▸ WHAT IS BEING ASKED: Entries below include pictures. Output exactly the lines from the one with "Rahmen Silver Wood" down to the one with "neck short kurta", both ends included, and leave the pictures out.

▸ RECORDS SHOWN:
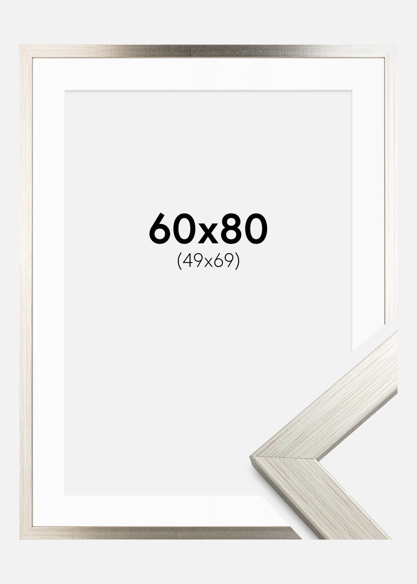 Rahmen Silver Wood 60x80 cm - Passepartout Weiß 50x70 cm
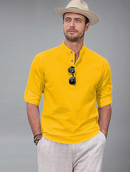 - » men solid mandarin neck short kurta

...

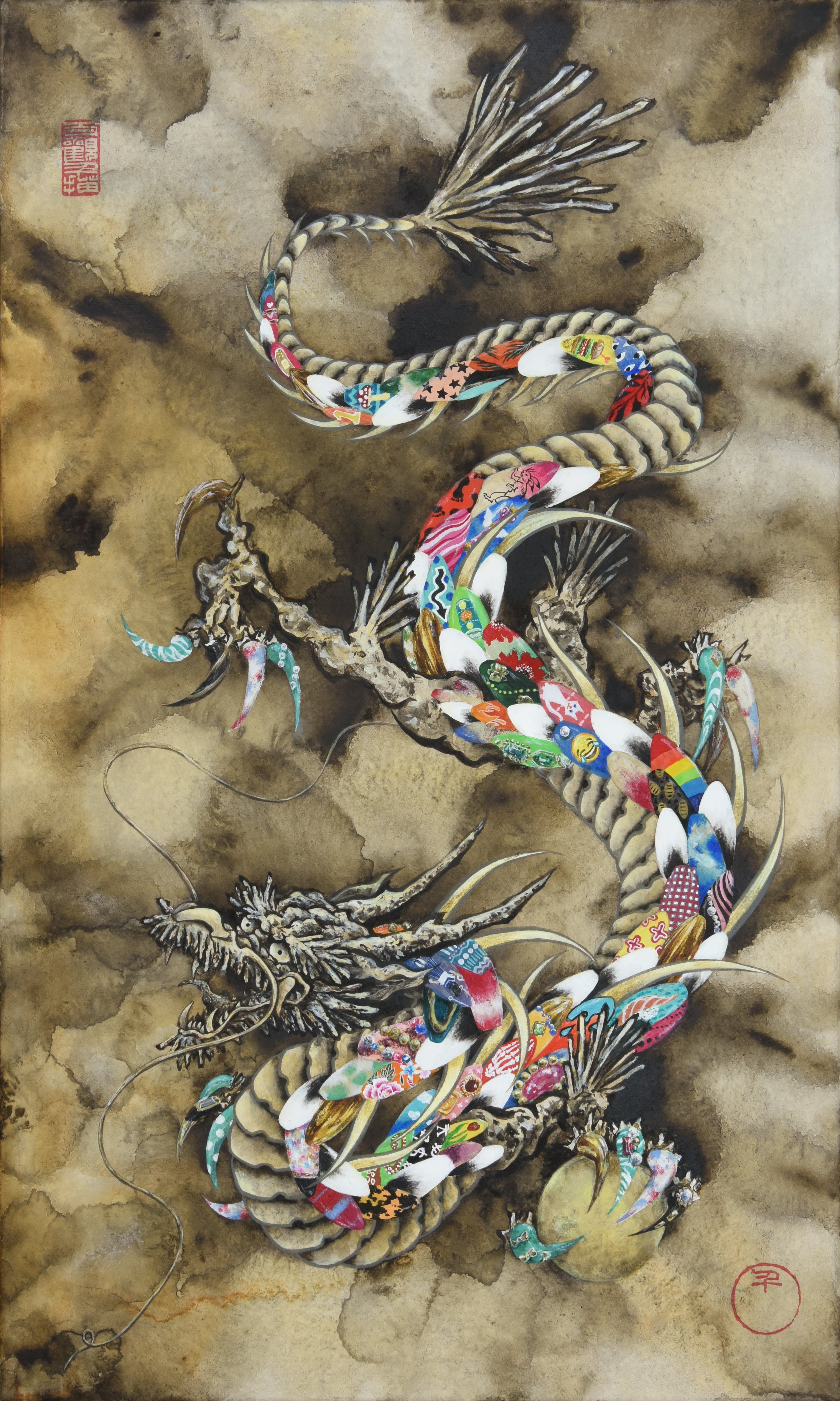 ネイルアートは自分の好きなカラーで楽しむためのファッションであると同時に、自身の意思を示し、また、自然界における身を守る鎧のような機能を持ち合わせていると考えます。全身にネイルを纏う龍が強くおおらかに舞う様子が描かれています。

---

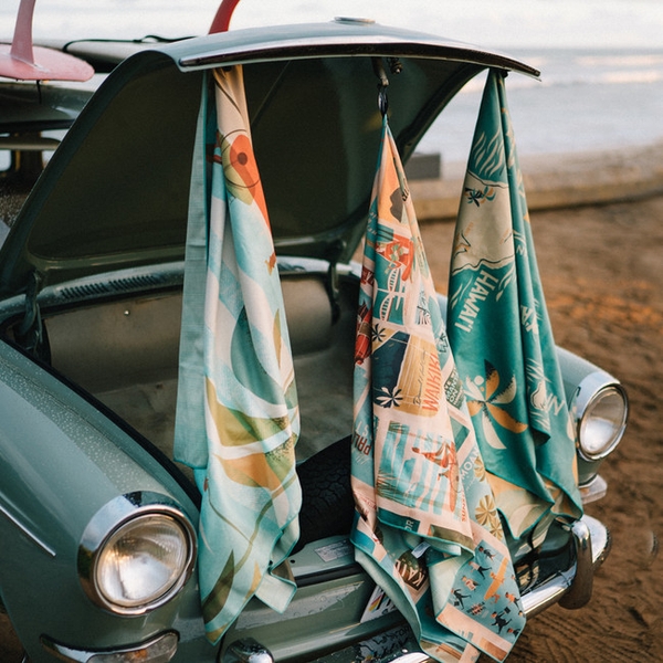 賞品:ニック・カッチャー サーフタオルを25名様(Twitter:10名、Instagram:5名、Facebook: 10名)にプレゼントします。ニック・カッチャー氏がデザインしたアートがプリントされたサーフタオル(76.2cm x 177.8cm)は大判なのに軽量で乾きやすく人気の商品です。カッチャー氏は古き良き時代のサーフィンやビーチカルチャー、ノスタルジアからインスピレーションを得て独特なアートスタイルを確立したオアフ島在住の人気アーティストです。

▸ SOLUTION TO THIS PROBLEM:
 Rahmen Silver Wood 60x80 cm - Passepartout Weiß 50x70 cm
 - » men solid mandarin neck short kurta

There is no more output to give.